Directions: Could you transcribe every record below exactly as written, leaving out any pictures?

[Records from a data source]
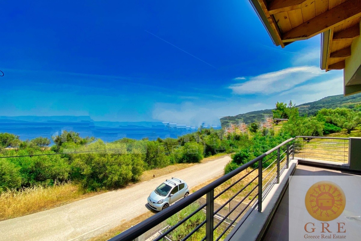 • מרפסת רחבה עם נוף פנורמי פתוח למפרץ קורינתוס
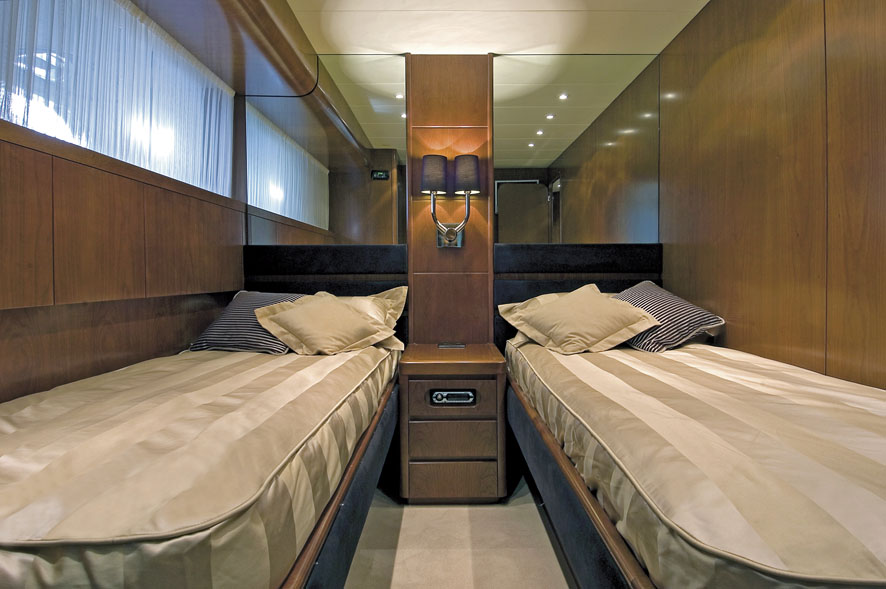 Per garantire la massima privacy all’armatore e agli ospiti a bordo, due cabine con bagno per l’equipaggio si trovano nella zona estrema della prua.
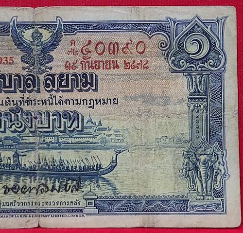 นบัตร 1บาท โทมัส ร.8 เลขแดง พ.ศ. 2478 ลายเซ็น พระยาไชยยศสมบัติ |
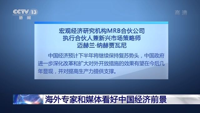 宏觀經(jīng)濟(jì)研究機(jī)構(gòu)MRB合伙公司執(zhí)行合伙人兼新興市場(chǎng)策略師邁赫蘭·納赫賈瓦尼表示,中國經(jīng)濟(jì)預(yù)計(jì)下半年將繼續(xù)保持復(fù)蘇勢(shì)頭,中國政府進(jìn)一步深化改革和擴(kuò)大對(duì)外開放措施的效果有望在今后幾年顯現(xiàn),并對(duì)提高生產(chǎn)力提供支撐。
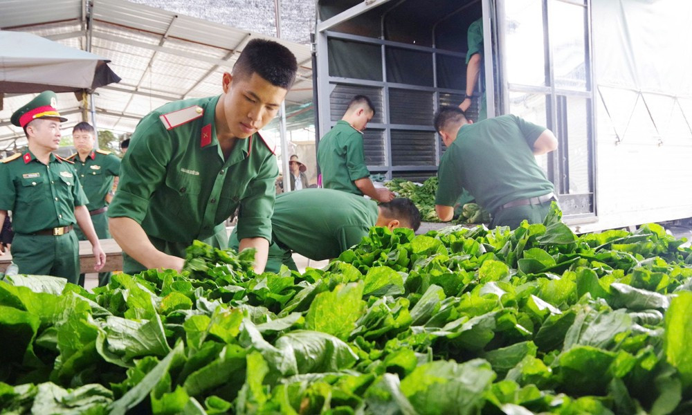 Các chiến sĩ quân đội vận chuyển rau xanh đến “Phiên chợ 0 đồng – San sẻ yêu thương” để trao tặng người dân xã Tiên Lục.
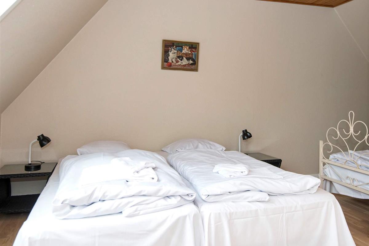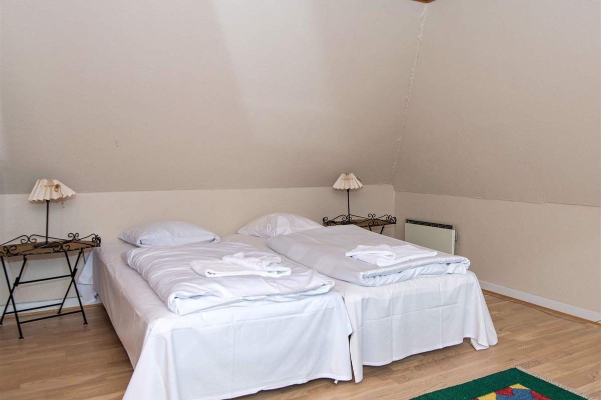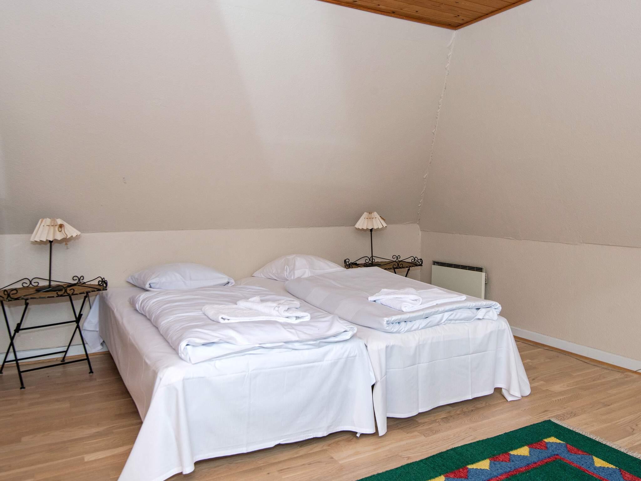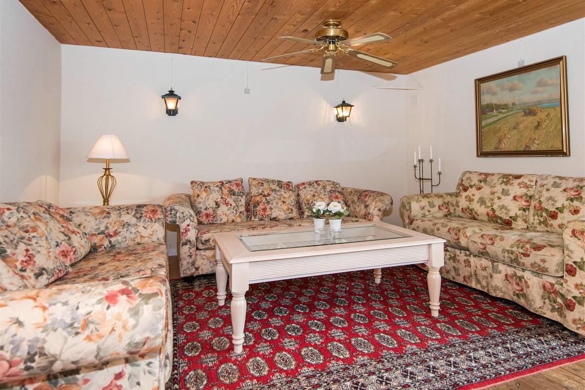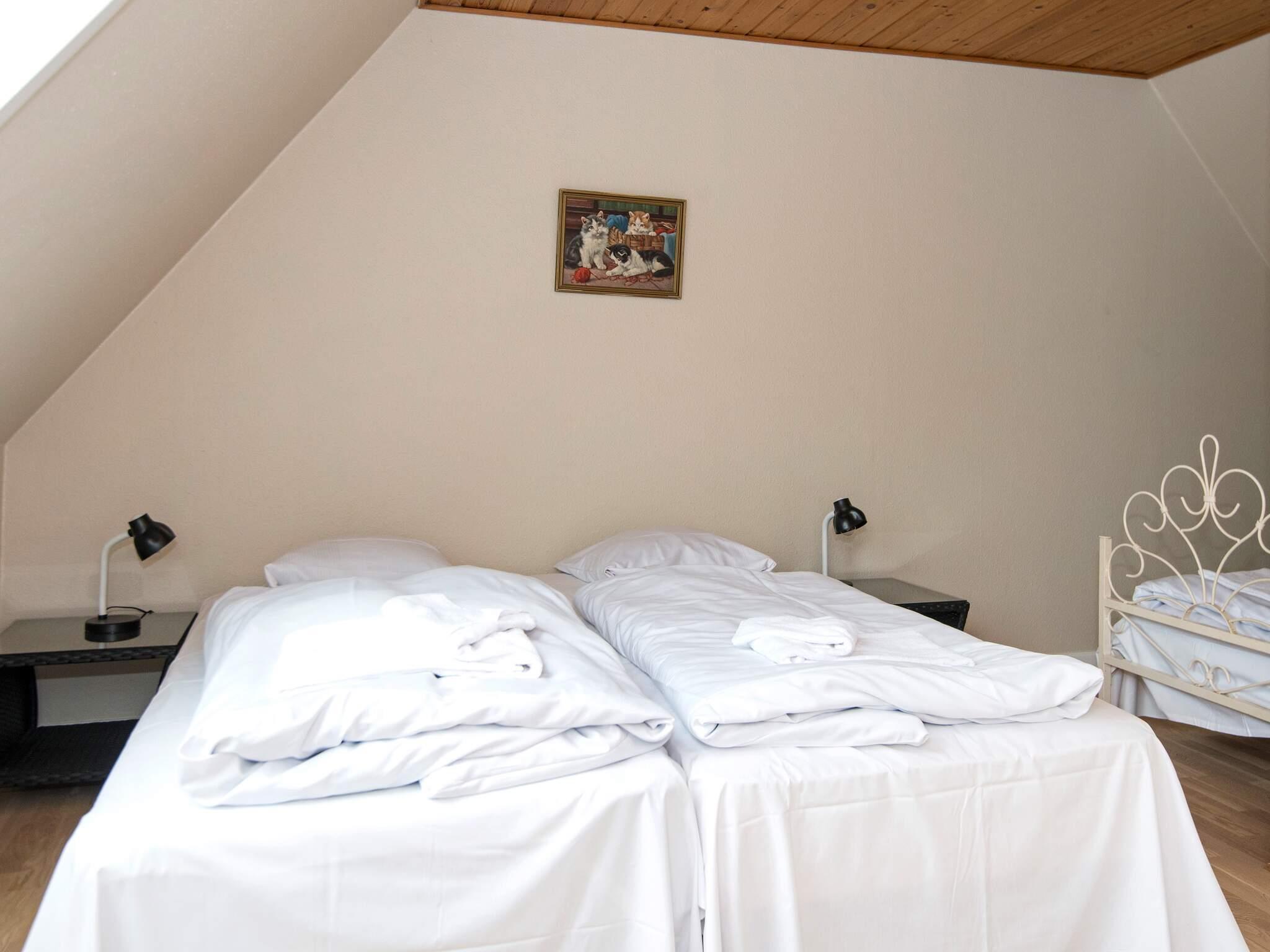 Das geräumige Haus ist mit sechs Schlafzimmern und einer größeren Küche mit Essbereich ausgestattet. Das gemütliche und persönlich eingerichtete Wohnzimmer liegt zur Straßenseite und bietet Ausblick zum nahen See. Küche mit Wasserkessel, Geschirrspüler und Kaffemaschine.

Your solution:
 • מרפסת רחבה עם נוף פנורמי פתוח למפרץ קורינתוס
 Per garantire la massima privacy all’armatore e agli ospiti a bordo, due cabine con bagno per l’equipaggio si trovano nella zona estrema della prua.
 นบัตร 1บาท โทมัส ร.8 เลขแดง พ.ศ. 2478 ลายเซ็น พระยาไชยยศสมบัติ |
 宏觀經(jīng)濟(jì)研究機(jī)構(gòu)MRB合伙公司執(zhí)行合伙人兼新興市場(chǎng)策略師邁赫蘭·納赫賈瓦尼表示,中國經(jīng)濟(jì)預(yù)計(jì)下半年將繼續(xù)保持復(fù)蘇勢(shì)頭,中國政府進(jìn)一步深化改革和擴(kuò)大對(duì)外開放措施的效果有望在今后幾年顯現(xiàn),并對(duì)提高生產(chǎn)力提供支撐。
 Các chiến sĩ quân đội vận chuyển rau xanh đến “Phiên chợ 0 đồng – San sẻ yêu thương” để trao tặng người dân xã Tiên Lục.
 Das geräumige Haus ist mit sechs Schlafzimmern und einer größeren Küche mit Essbereich ausgestattet. Das gemütliche und persönlich eingerichtete Wohnzimmer liegt zur Straßenseite und bietet Ausblick zum nahen See. Küche mit Wasserkessel, Geschirrspüler und Kaffemaschine.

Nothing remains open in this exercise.